## Instructions to follow
An exact restatement of the data below, with the pictures removed, is the required answer.

## Recorded data
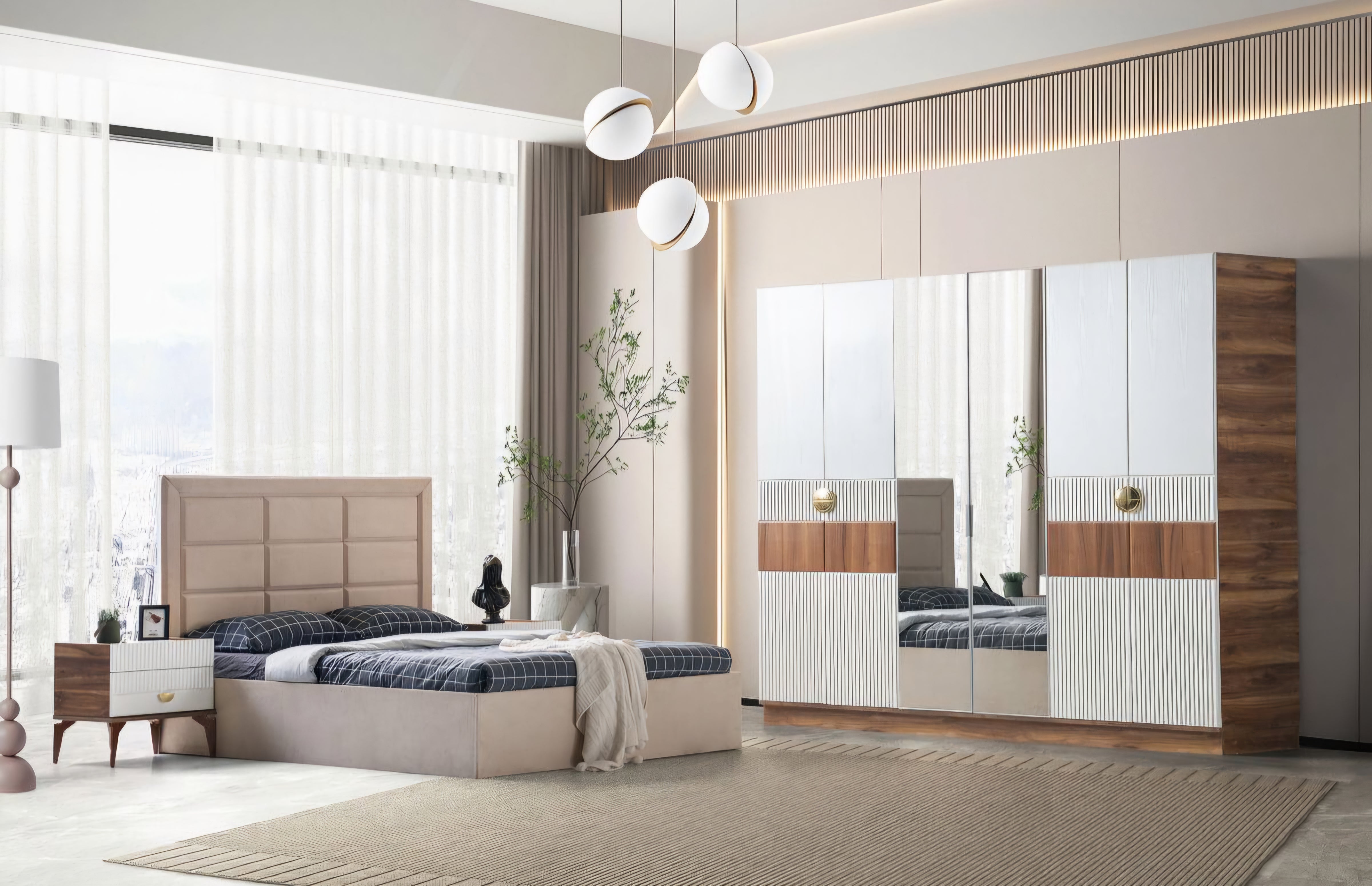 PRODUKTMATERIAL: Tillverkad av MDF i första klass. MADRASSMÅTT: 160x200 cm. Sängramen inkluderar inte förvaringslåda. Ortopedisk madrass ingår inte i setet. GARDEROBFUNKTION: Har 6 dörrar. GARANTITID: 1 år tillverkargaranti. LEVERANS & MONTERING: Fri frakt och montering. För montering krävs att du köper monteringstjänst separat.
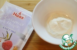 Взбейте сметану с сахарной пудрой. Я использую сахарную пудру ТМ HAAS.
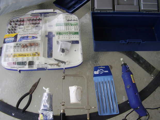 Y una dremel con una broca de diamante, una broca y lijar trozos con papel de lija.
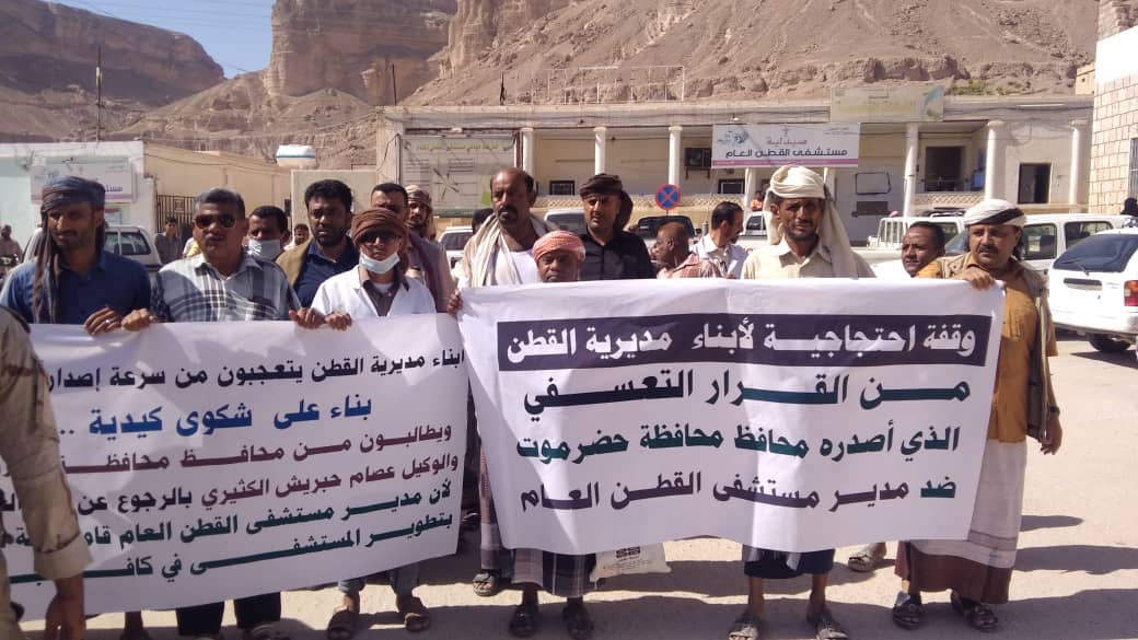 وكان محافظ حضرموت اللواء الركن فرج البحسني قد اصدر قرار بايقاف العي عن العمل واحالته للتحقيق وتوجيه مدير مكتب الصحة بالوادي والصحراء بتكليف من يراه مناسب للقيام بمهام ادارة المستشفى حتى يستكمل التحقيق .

## Written solution
 PRODUKTMATERIAL: Tillverkad av MDF i första klass. MADRASSMÅTT: 160x200 cm. Sängramen inkluderar inte förvaringslåda. Ortopedisk madrass ingår inte i setet. GARDEROBFUNKTION: Har 6 dörrar. GARANTITID: 1 år tillverkargaranti. LEVERANS & MONTERING: Fri frakt och montering. För montering krävs att du köper monteringstjänst separat.
 Взбейте сметану с сахарной пудрой. Я использую сахарную пудру ТМ HAAS.
 Y una dremel con una broca de diamante, una broca y lijar trozos con papel de lija.
 وكان محافظ حضرموت اللواء الركن فرج البحسني قد اصدر قرار بايقاف العي عن العمل واحالته للتحقيق وتوجيه مدير مكتب الصحة بالوادي والصحراء بتكليف من يراه مناسب للقيام بمهام ادارة المستشفى حتى يستكمل التحقيق .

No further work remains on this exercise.